The FTSE 250 company said the acquisition of Marley played a significant role in its financial growth in 2022, with adjusted operating profit rising 31% to £101.1m.
Statutory operating profit stood at £47.9m, however, down from £76.2m in 2021.
Adjusted profit before tax showed an impressive 23% increase, reaching £90.4m, while statutory profit before tax was £37.2m, down from £69.3m, due to the impact of adjusting items worth £53.2m.
Marshalls also reported a 7% increase in adjusted basic earnings per share to 31.3p, with statutory earnings per share at 11.4p, down from 27.5p.
The company's net debt stood at £191m on a pre-IFRS 16 basis, and leverage was 1.35x adjusted pro forma EBITDA.

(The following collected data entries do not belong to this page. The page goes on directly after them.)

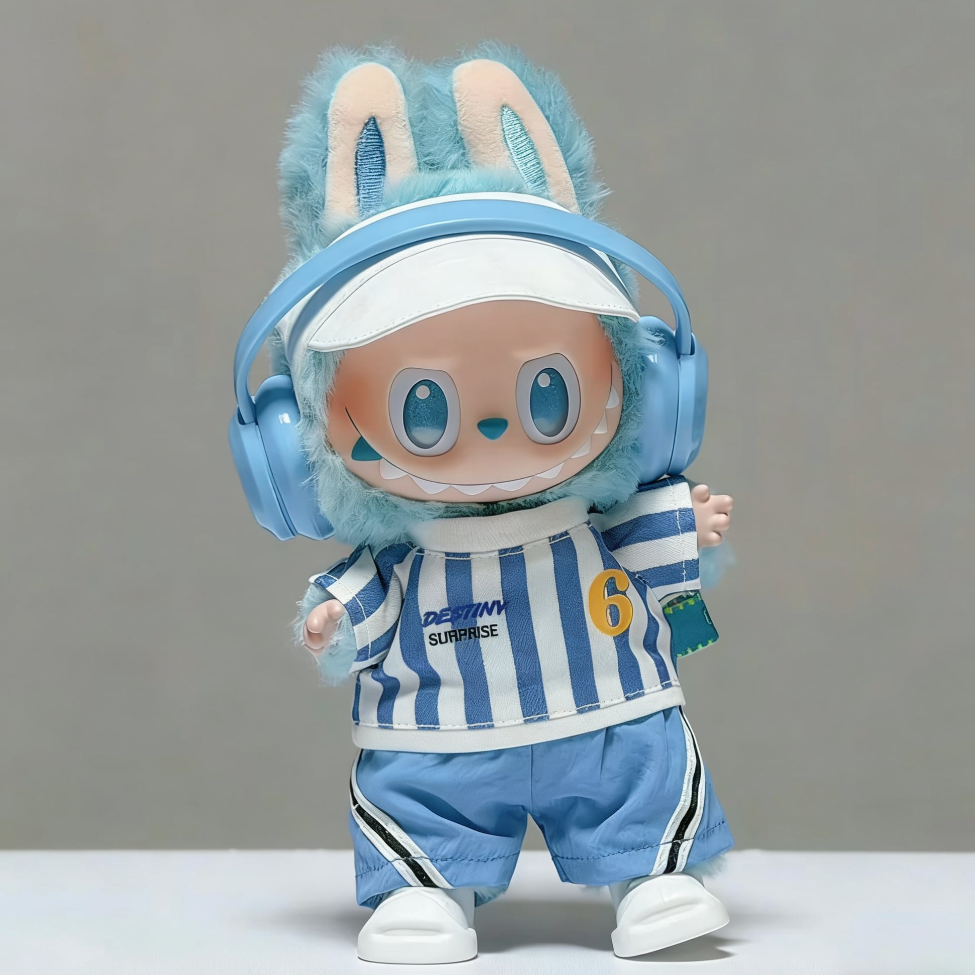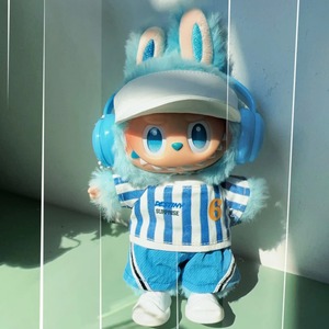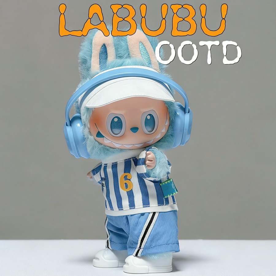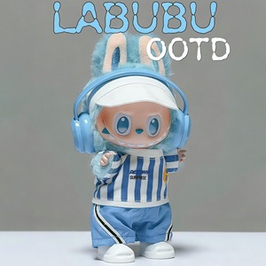 【商品名】Labubu ブルー×ホワイトストライプのユニフォーム風コーデ
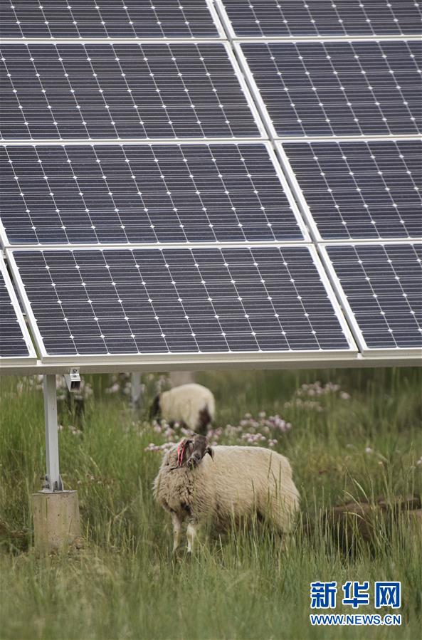 6月16日,羊群在光伏园区内吃草。新华社记者 吴刚 摄
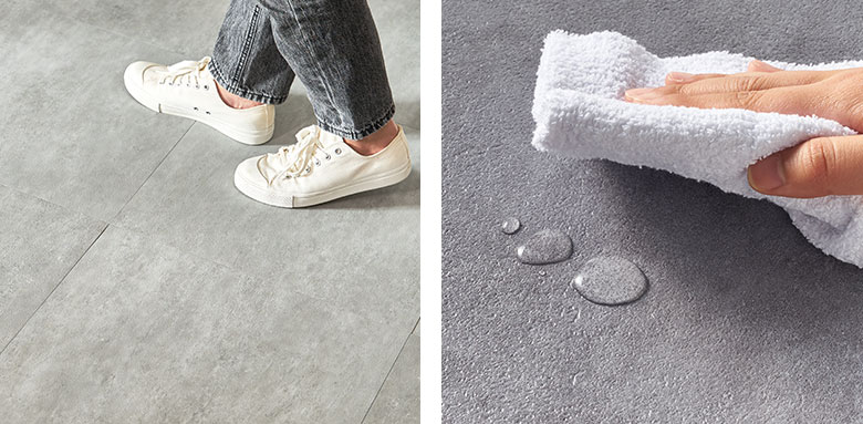 フロアタイルなら拭くだけで簡単にお手入れができるのも魅力。
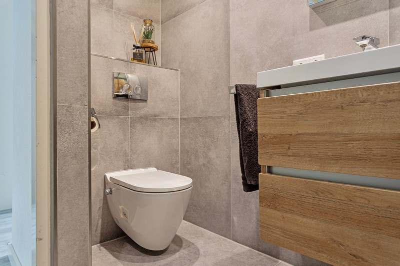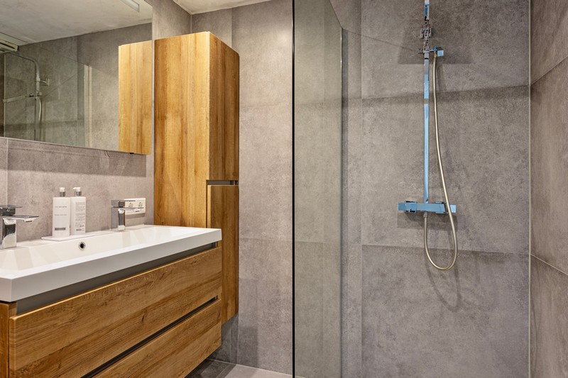Op de eerste verdieping zijn er drie ruime slaapkamers. De moderne badkamer maakt deze verdieping helemaal af. Je hebt er een inloopdouche, toilet en dubbel wastafelmeubel.

Marshalls proposed a final dividend of 9.9p per share, bringing the total full-year dividend to 15.6p, a 9% increase compared to 2021.
Looking ahead, the board said it remained confident in the group's ability to deliver long-term profitable growth as market conditions improved.
It said it would continue to focus on key strategic initiatives in the short-term while acknowledging the challenging macroeconomic climate.
The directors said they remained optimistic about delivering results in line with its expectations, assuming a progressive improvement in end markets during the year.
“Marshalls reported a record financial performance in 2022 against challenging market conditions,” said chief executive officer Martyn Coffey.
“This performance demonstrates the benefit of the group's deliberate diversification strategy, illustrated by the acquisition of Marley in 2022 and other acquisitions in recent years that now form the core of our building products segment.
“We took decisive action to reduce our capacity and cost base in 2022 in response to a contraction of demand in our landscape products business, and we will continue to focus on maintaining flexibility to respond to evolving market conditions and executing self-help initiatives as required.”
Coffey said the company’s strategy was underpinned by its strong market positions, established brands and focussed investment plans to drive ongoing operational improvement.
“Notwithstanding short-term challenges, the board remains confident that the Group is well placed to deliver profitable long‑term growth when market conditions improve and continues to focus on its key strategic initiatives.”
At 1007 GMT, shares in Marshalls were down 2.6% at 291.63p.